In controlled studies of SDF tendon healing, those treated with stem cells had lower structural stiffness and more normal cellular and histochemical characteristics. Clinically, 77% of warmbloods with tendon and ligament injuries returned to full work, and racehorses with injured SDF tendons were significantly more likely to return to racing compared with untreated controls. For cartilage injury, intraarticular corticosteroid injections may have a more profound immediate effect, but stem cell injections could have more long-term beneficial effects when this therapeutic approach is better developed.

The use of stem cells for the treatment of other inflammatory conditions of the horse was reviewed by Barrett. Their discussion emphasized the importance of stem cell signaling by way of the chemicals, enzymes and bioactive molecules they release or stimulate. Stem cells can even donate intracellular organs (mitochondria) to ailing cells such as cartilage cells to rescue or repair them. Unfortunately, while effective in mice, stem cells haven’t been shown to help combat endotoxemia in the horse, but the authors point out this simply could be because the right combination of cell type, preparation and dose might not have been tried.

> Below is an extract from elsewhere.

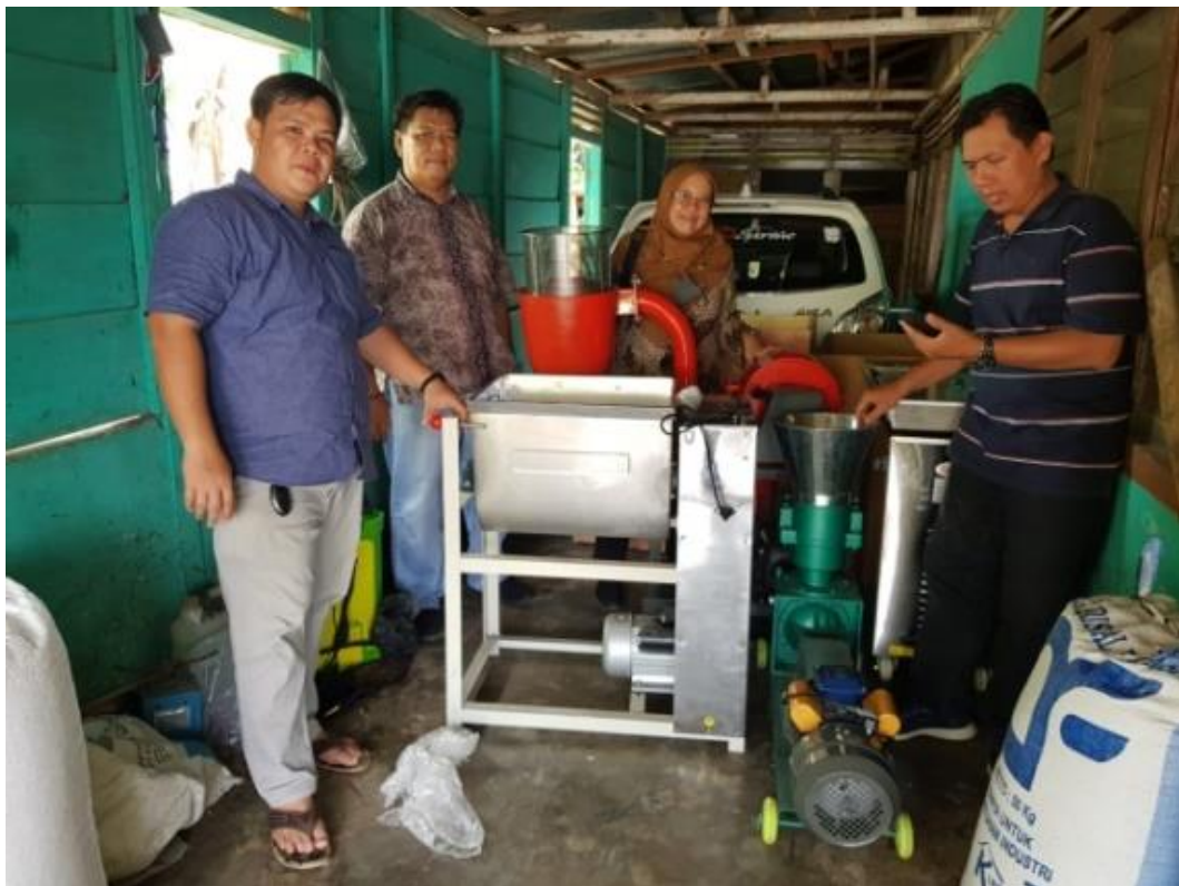
Gambar 4. Hasil perakitan semua mesin

Metode pelaksanaan yang dilakukan terdiri dari empat langkah yaitu persiapan alat, perakitan alat, ujicoba mesin dan produksi, pelatihan dan cetak pelet. Pada tahap persiapan alat yaitu mengajak dan berkoordinasi bersama Bumdes bahwa mesin penggiling jagung, mesin penggiling keong, PLTS dan mesin pencetak pelet akan siap untuk dirakit, setelah tahap persiapan alat maka masuk ke tahap perakitan alat. Pada tahap ini tim pengabdian Kosabangsa bersama-sama dengan Bumdes dan masyarakat setempat untuk merakit semua mesin agar dapat dioperasikan, metode pelaksanaan dilakukan di Desa Silika 2 Kecamatan Tanjung Kemuning, tepatnya pada tanggal 8 Desember 2022, hasil perakitan semua mesin dapat dilihat pada Gambar 4.
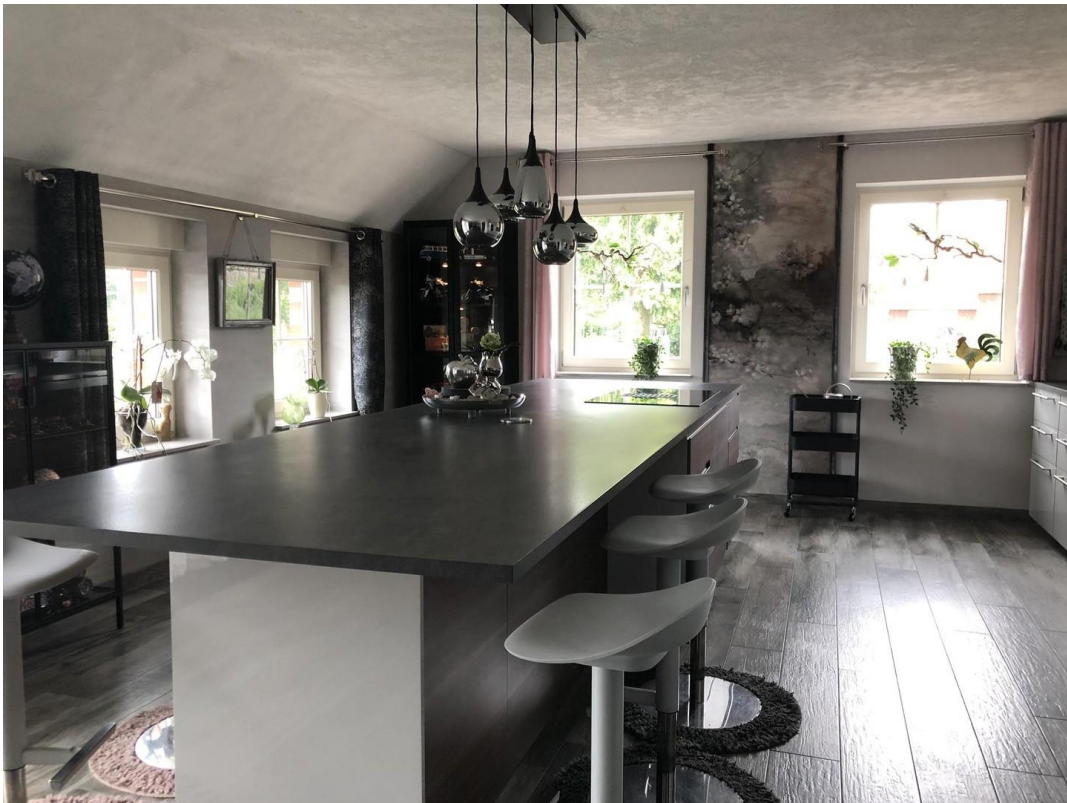
40 m2 große Wohnküche II

Similarly, their use for equine asthma and gastrointestinal diseases such as gastric ulcers and colitis offers some promise if successfully extrapolated from mouse models. Stem cells also have been shown to improve hoof growth and vascular perfusion in controlled studies of horses with laminitis. However, more work is needed to identify the best approaches before they are ready for broad clinical use on foundered horses.

In addition to the many variations of how stem cells are collected, handled, cultured and/or pretreated to stimulate different types of cellular activity, the authors point out that retreatment of a horse using stem cells collected from another horse donor can be problematic because the first treatment can prime an immune response that kills the cells of a second treatment. This stem cell rejection might not harm the horses, but as stated by Watts, dead stem cells are not functional stem cells; so living stem cells are essential for the treatments to succeed.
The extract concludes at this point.